- Born: Martin Nelson Ransohoff July 7, 1927 New Orleans, Louisiana, U.S.
- Died: December 13, 2017 (aged 90) Los Angeles, California, U.S.
- Education: B.A. Colgate University
- Occupation: Film producer
- Spouses: Nancy Hope Lundgren; Joan Marie Ransohoff;
- Children: 4
- Family: Ransohoff

= Martin Ransohoff =

American film and television producer (1927–2017)

Martin Nelson Ransohoff (July 7, 1927 – December 13, 2017) was an American film and television producer, and member of the Ransohoff family.

==Early life and education==
Ransohoff was born on July 7, 1927, in New Orleans, Louisiana the son of Babette (Strauss) and Arthur Ransohoff. His mother was a former Republican National Committeewoman. He had one sister Barbara Burnett (married to a former Washington & Jefferson College president Howard J. Burnett) and one brother Jack, a nuclear engineer.
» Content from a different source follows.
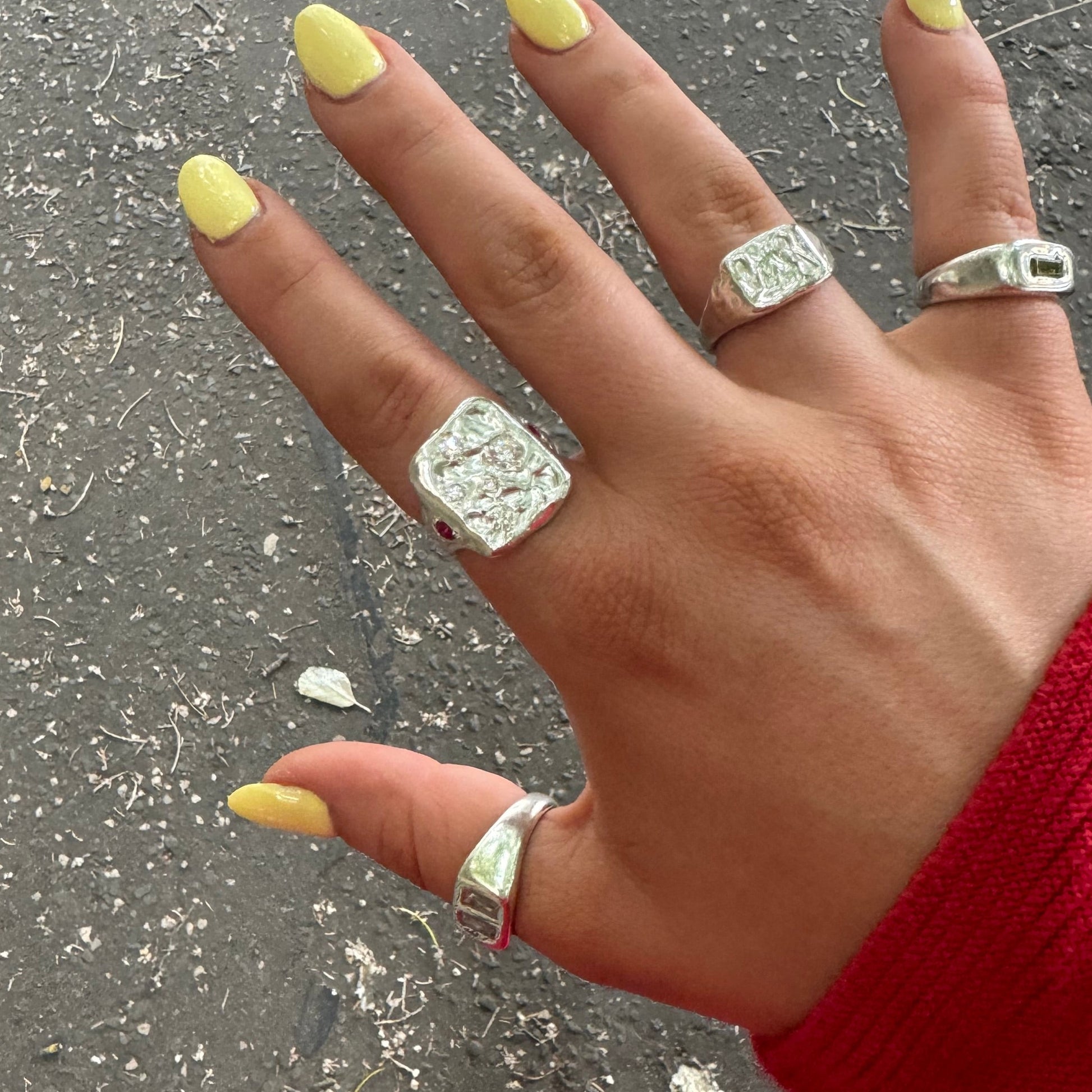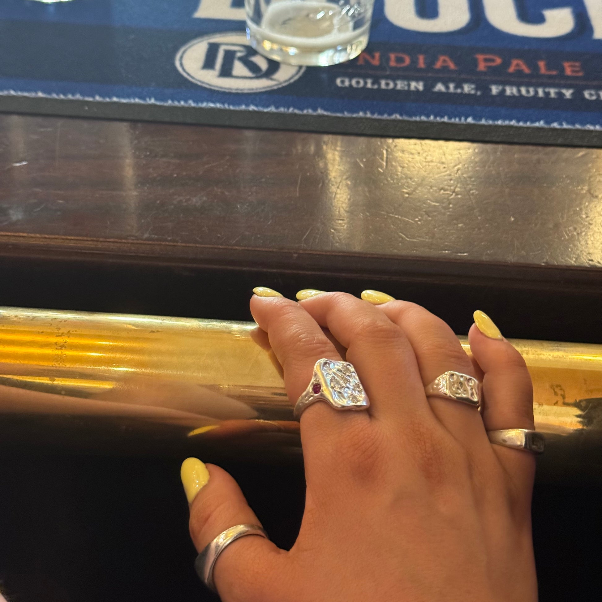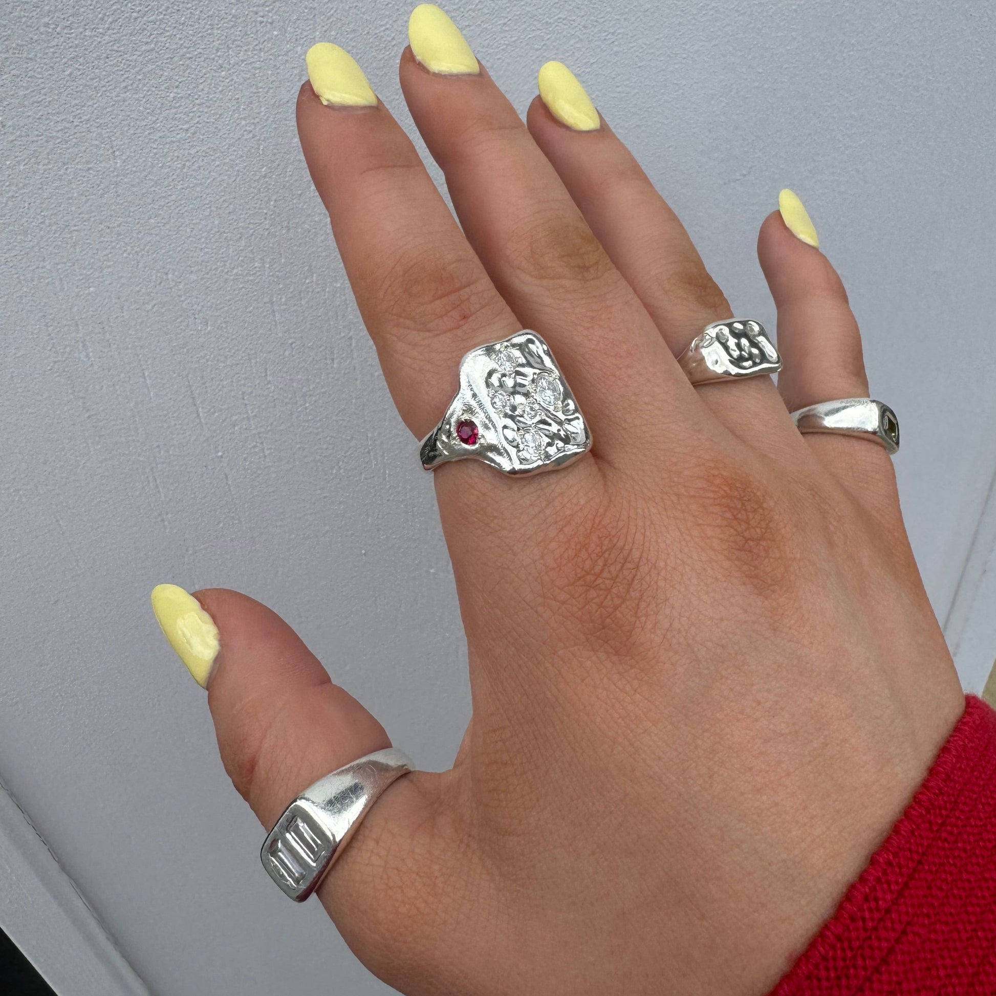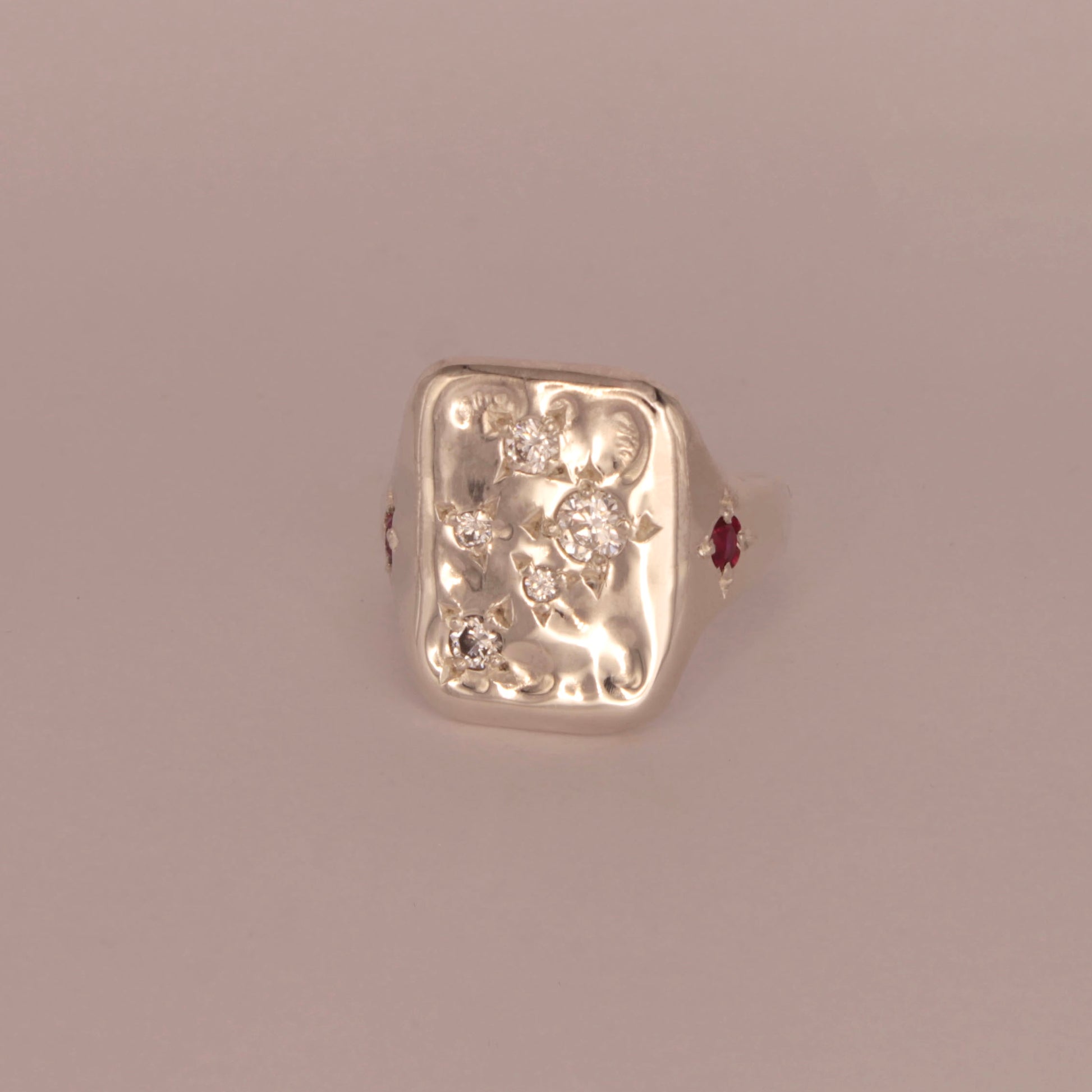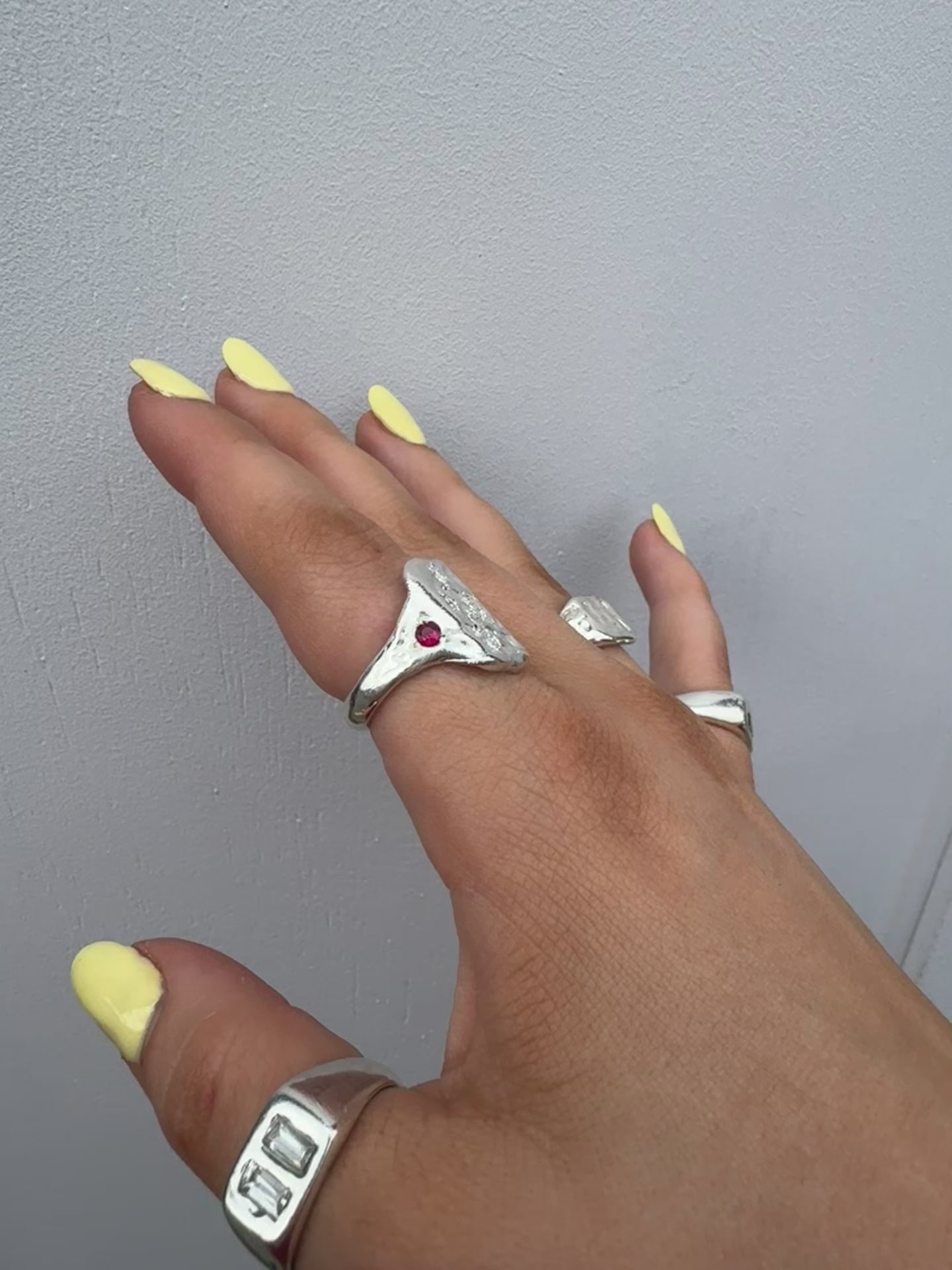 The tablet ring is made a white cubic zirconia, and lab grown rubies - email or dm for natural stones options.
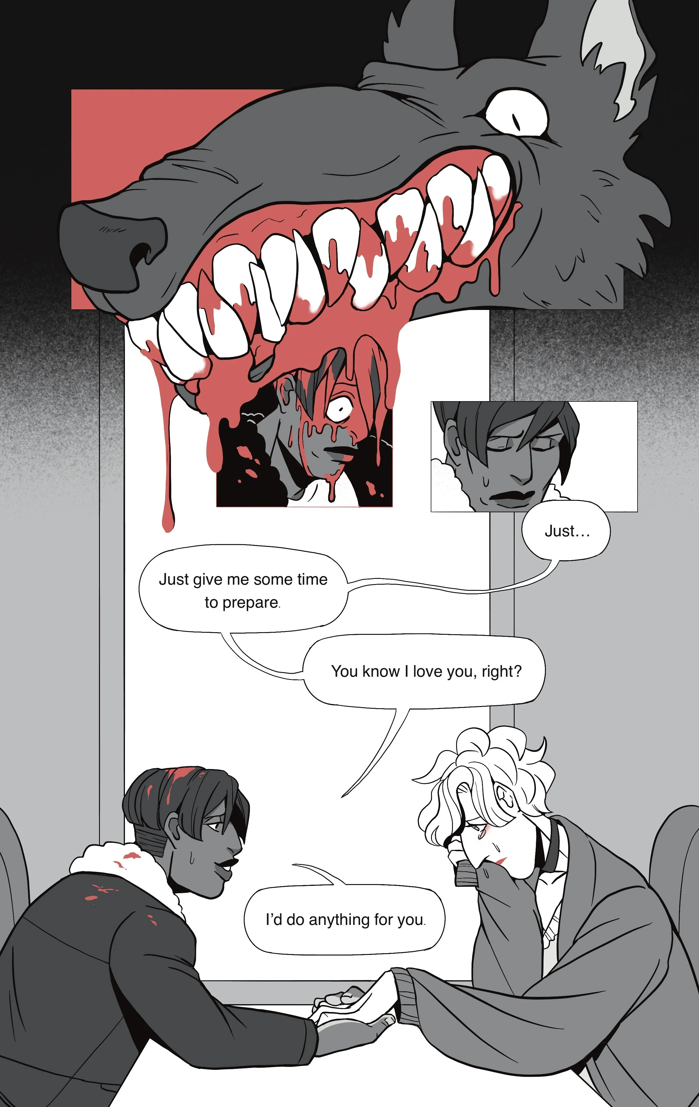 Andrea has been given an ultimatum by her partner: Devour his flesh or breakup with him! Facing such an impossible choice, does Andrea have enough dog in her to save her relationship? A fun and gory little trip about emotional intimacy and silly dogs to find out the answer.

He attended Wooster School in Danbury, Connecticut and graduated with a B.A. in History and English from Colgate University in 1948.

==Career==

After school, Ransohoff worked at several jobs including peddling housewares door-to-door, selling autos, and working at an advertising agency, before joining Caravel Films (later Transfilm-Caravel) in 1950 in New York City, where he worked as a salesman, writer, and producer.

===Filmways===
In 1952, Ransohoff co-founded the film production company Filmways with Edwin Kasper (Kasper left the firm in 1957).
The firm listed on the New York Stock Exchange in 1959. Filmways started making TV commercials, moved into documentaries, then sitcoms; by 1963 Filmways was making $13 million a year. Mister Ed and The Beverly Hillbillies brought Ransohoff his first major successes in 1960 and 1962. Thereafter he turned his attention to films.

===MGM===
Ransohoff's first film as producer was Boys' Night Out (1962) starring James Garner and Kim Novak and distributed by MGM. Garner was also in Ransohoff's next two films, both of which were directed by Arthur Hiller: The Wheeler Dealers (1963) and The Americanization of Emily (1964); the latter, based on a script by Paddy Chayefsky, was particularly praised.

Ransohoff found commercial success with The Sandpiper (1965), based on a story by the producer and starring Richard Burton and Elizabeth Taylor. He produced The Cincinnati Kid (1965), firing Sam Peckinpah as director during filming and replacing him with Norman Jewison; the movie received strong reviews. Less popular was The Loved One (1965). Eye of the Devil (1967) was a thriller originally starring Kim Novak, David Niven, and a young actor Ransohoff put under personal contract, Sharon Tate. Novak was injured during filming and was replaced by Deborah Kerr. Tate was in Ransohoff's next films, The Fearless Vampire Killers (1967), directed by Roman Polanski, whom she would marry (Ransohoff was executive producer), and Don't Make Waves (1967). He executive produced Our Mother's House (1967) in England and produced Ice Station Zebra (1968).

===Post-MGM===
Ransohoff then signed a deal with Columbia, who distributed his A Midsummer Night's Dream (1968), Castle Keep (1969), and Hamlet (1969). He made Catch-22 (1970) at Paramount, The Moonshine War (1970) at MGM, and 10 Rillington Place (1971) and See No Evil (1971) at Columbia. King Lear (1971) was released by a smaller company. He also made Fuzz (1972) and Save the Tiger (1973). His last film for Filmways was The White Dawn (1974).

===Post-Filmways===
In 1972, Ransohoff became an independent producer. He signed a contract with Paramount to make movies for them. Ransohoff went on to produce Silver Streak (1976) with Frank Yablans but even though the film was a hit the partnership was uneasy and soon dissolved.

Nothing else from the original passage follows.